The study uses high-resolution minute-based granularity wind speed data measured by a R.M. Young (05103 or 03001) anemometer instrument. These data were downloaded (http://www.sauran.ac.za) (accessed on 15 December 2022) from Richtersveld (RVD), Central University of Technology (CUT), and University of Pretoria (UPR) radiometric stations in South Africa. The CUT station is located on the roof of a building at the CUT university, in the Free State province, at latitude −29.121337, longitude 26.215909, and an elevation of 1397 m. The RVD station is located in the desert region of the Northern Cape at latitude −28.56084061 and longitude 16.76145935, with an elevation of 141 m. The UPR station is located on the roof of a building at the University of Pretoria, in the Gauteng province, at latitude −25.75308037, longitude 28.22859001, and an elevation of 1410 m. We deliberately selected the stations to test how robust the proposed modelling and prediction approach would be under varying weather conditions. To our knowledge, a study of this type has not been conducted at these three Southern African Universities Radiometric Network (SAURAN) stations.

1.2. Overview of Related Studies

Several forecasting methods, including physical methods, statistical methods, hybrid models, and machine learning techniques, have been applied in an attempt to accurately forecast wind speed (see e.g., [5,10,11,19,20,21,22,23,24]). Although physical models (e.g., numerical weather prediction (NWP)) can effectively predict atmospheric dynamics, they have many limitations, including the use of a large amount of numerical weather data and the need for large computational time [2], which is costly and beyond the reach of a developing country such as South Africa. These methods are often reserved for medium- to long-term forecasting [7].
Statistical methods, on the other hand, make use of historical wind speed time series data to construct time series models, such as the linear autoregressive moving average (ARMA) model [2,4]. These models are generally reserved for capturing short-time phenomena [25,26,27,28]. For instance, ref. [15] presented an ARMA model to predict wind speed. The ARMA model was able to represent the actual features of wind speed. However, the ARMA model does not directly take into account changes in other related random variables or other exogenous variables. In essence, ARMA captures only a linear relationship, and it is generally suited to establishing a low-order time series model.
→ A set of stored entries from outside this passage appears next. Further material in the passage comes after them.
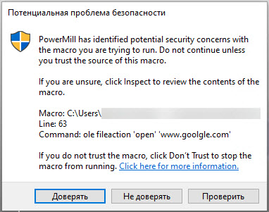 PowerMill проверяет наличие потенциальных проблем с безопасностью при запуске макросов из PowerMill. Если в макросе есть какие-либо проблемы с безопасностью, например потенциально опасные команды, PowerMill предложит проверить эти команды, чтобы убедиться в том, что их можно выполнять.
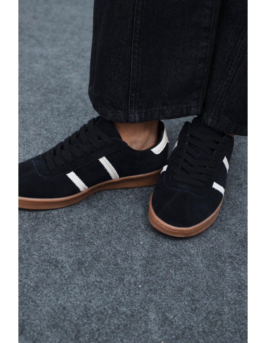Split leather sneakers with two side stripes in contrasting colour. Rubber sole and tone-on-tone flat laces. It also features the Mus&Bombon logo on the heel and insole.
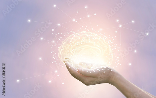 Palm hold and protect virtual brain on pastel background, innovative technology in science and medical concept
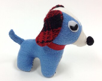 Cute Plush Blue Dog Toy Stuffed Animal Dog Upcycled wool Palm size toy
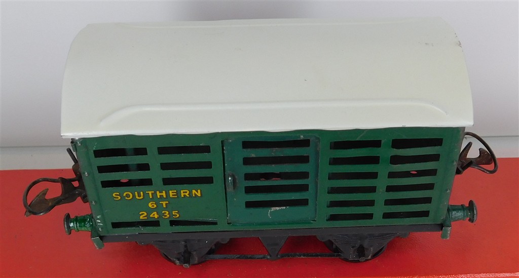British 0 Gauge : Hornby O gauge Southern green milk traffic van, type 3 chassis, black solebar
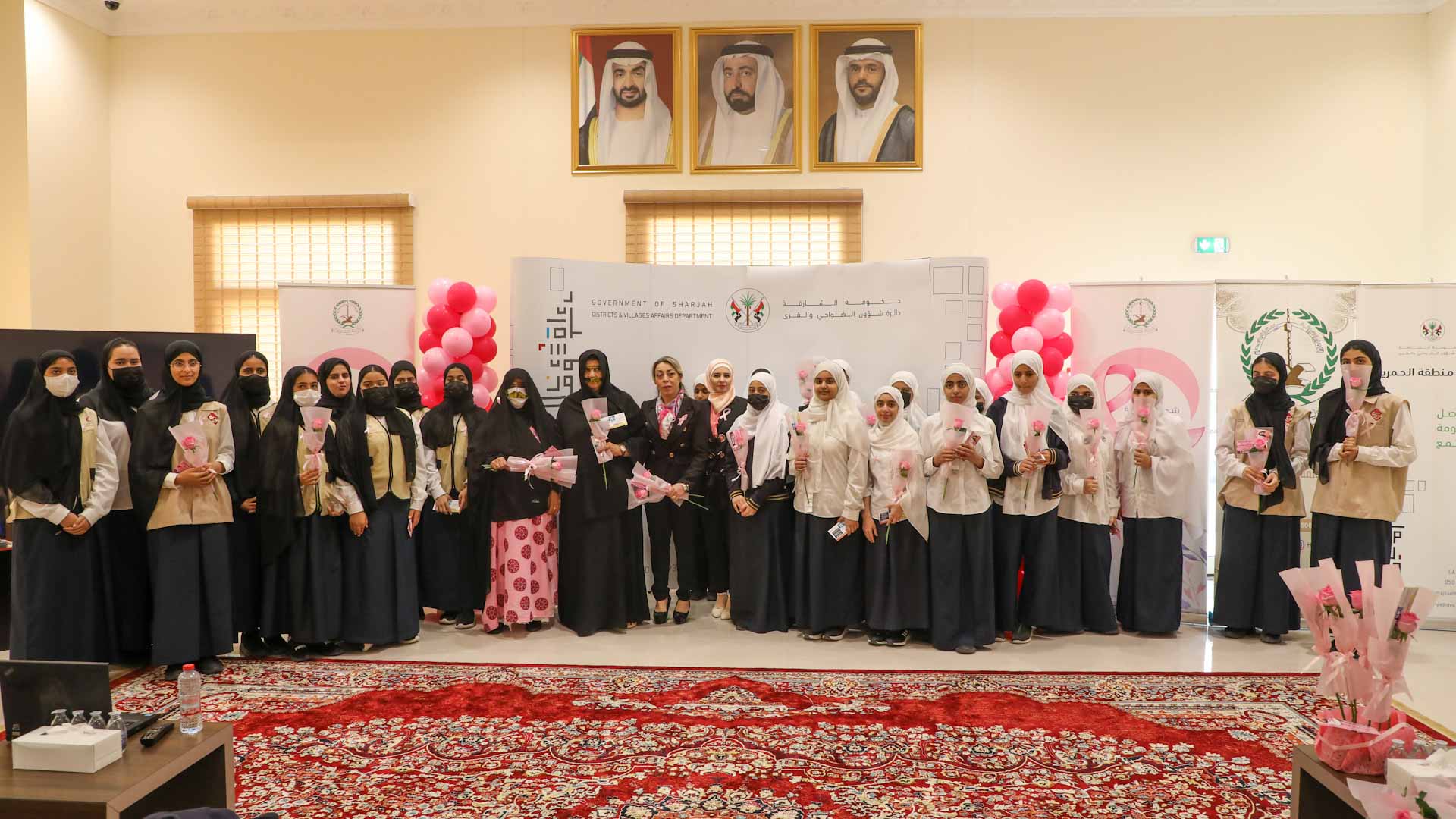 وشاركت في المحاضرات التوعوية المقامة بمناسبة "أكتوبر الوردي"، موظفات بلدية الحمرية والموظفات في دائرة الخدمات الاجتماعية فرع الحمرية ومنتسبات الدائرة والمعلمات من مدرسة القلعة بالحمرية وعدد من الطالبات في المدرسة.
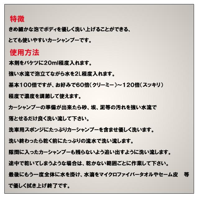 きめ細かな泡でボディを優しく洗い上げることができる、とても使いやすいカーシャンプーです。
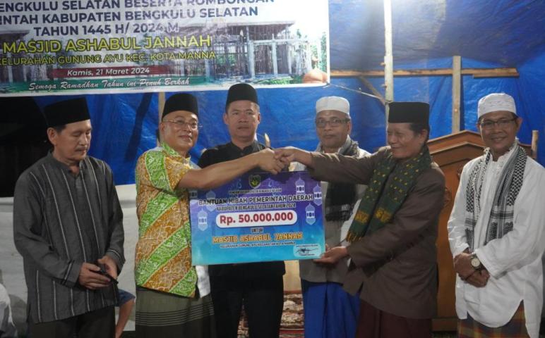 Sementara ditempat terpisah, Wakil Bupati Rifa’i Tajuddin juga melaksanakan Safari Ramadhan di Masjid As Shodiqin Desa Ketaping Kecamatan Manna, Beliau secara simbolis juga menyerahkan bantuan hibah Pemerintah Daerah untuk masjid tersebut senilai Rp. 100.000.000,- (Seratus Juta Rupiah).
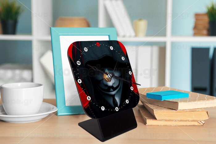 V for Vendetta, Επιτραπέζιο ρολόι ξύλινο με δείκτες (10cm)
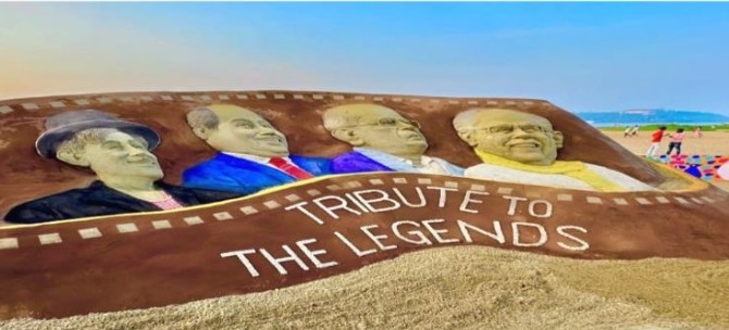 A striking sand art illustration by Padma Shri awardee Sudarshan Pattnaik at Miramar Beach symbolized the cultural impact of these cinematic greats. The Padmashri awardee’s captivating sand art mesmerized public at the beach and stood as a homage to the timeless influence of these four icons.
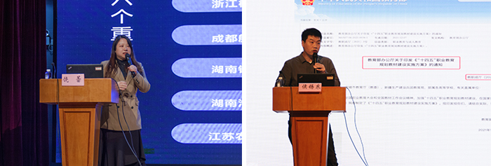 智慧树网金课咨询师饶蕾和北京蓝墨上海区负责人侯锡东依次分享了基于知识图谱的新型态课程教学改革与创新以及数字教材智能一体化建设的经验和案例。
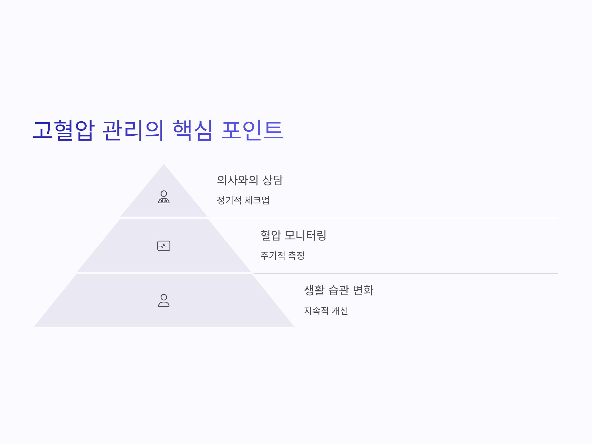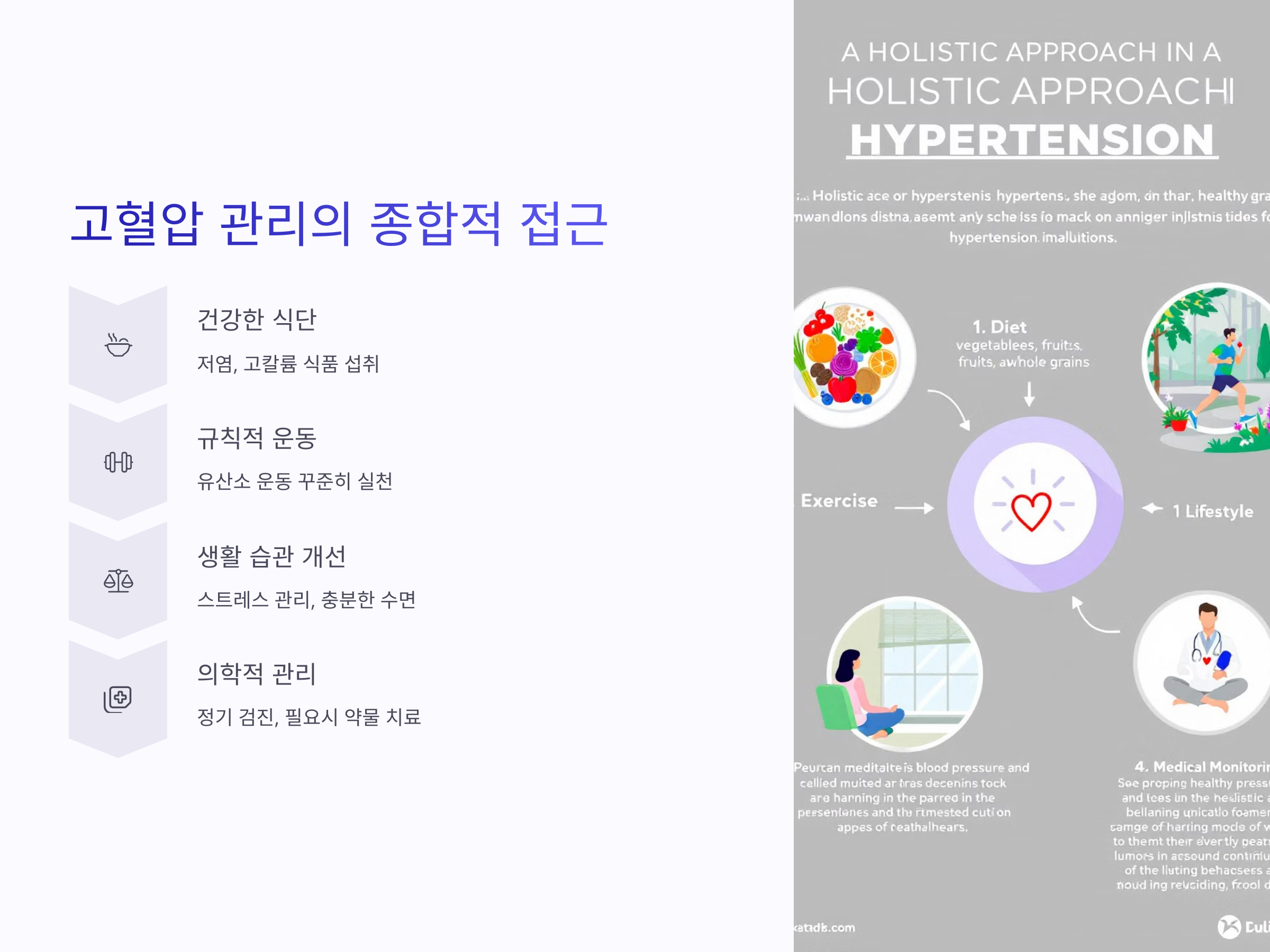 고혈압을 예방하고 관리하려면 식습관과 운동 습관을 지속적으로 개선해야 합니다. 음식을 천천히 먹고, 규칙적으로 운동하며, 스트레스를 관리하는 등의 생활 습관을 유지하는 것이 중요합니다. 꾸준한 노력으로 고혈압을 효과적으로 관리할 수 있습니다.

To circumvent the nonstationarity inherent in the data, ARMA models have been extended to ARIMA models [29,30], seasonal ARIMA (SARIMA) models [31,32], and multiple linear regression coupled with SARIMA (SARIMAX) models, i.e., SARIMA models with exogenous variables [33].
Unlike statistical models, machine learning techniques are nonlinear approximators that can effectively capture nonlinear characteristics inherent in wind speed data that are impossible to capture using statistical methods. Hence, these techniques have gained popularity in wind speed forecasting [34]. Recent advances in machine learning algorithms have led to GBDTs becoming increasingly popular due to their quick training times, improved accuracy and flexibility, support for central processing units (CPU) (better than graphics processing units (GPU) used by ANNs), and ability to effectively handle large datasets [35,36,37,38,39,40,41,42]. Among the GBDTs, XGBoost, light gradient boosting machine (LGB), and stochastic gradient boosting machine (SGB) have been successfully applied in various fields, ranging from finance [36] to renewable energy [35,37,38,39,40,42]. For instance, ref. [38] employed the improved XGBoost to improve the accuracy of wind speed predictions. The authors compared the XGBoost with backpropagation neural networks (BPNN) and linear regression (LR) models and found that XGBoost has high predictive accuracy. In [40], the authors explored short-term wind speed forecasting using ANNs, SGBs, and generalised additive models (GAMs). The results showed that the SGB outperforms other models based on mean absolute error (MAE) and mean percentage error (MAPE). Overall, GBDTs have several advantages over other machine learning models: high efficiency in the prediction domain, the robustness of model tuning, improved prediction accuracy, and ease of interpretation [35,36,37,38,39,40,41] (also see Table 1).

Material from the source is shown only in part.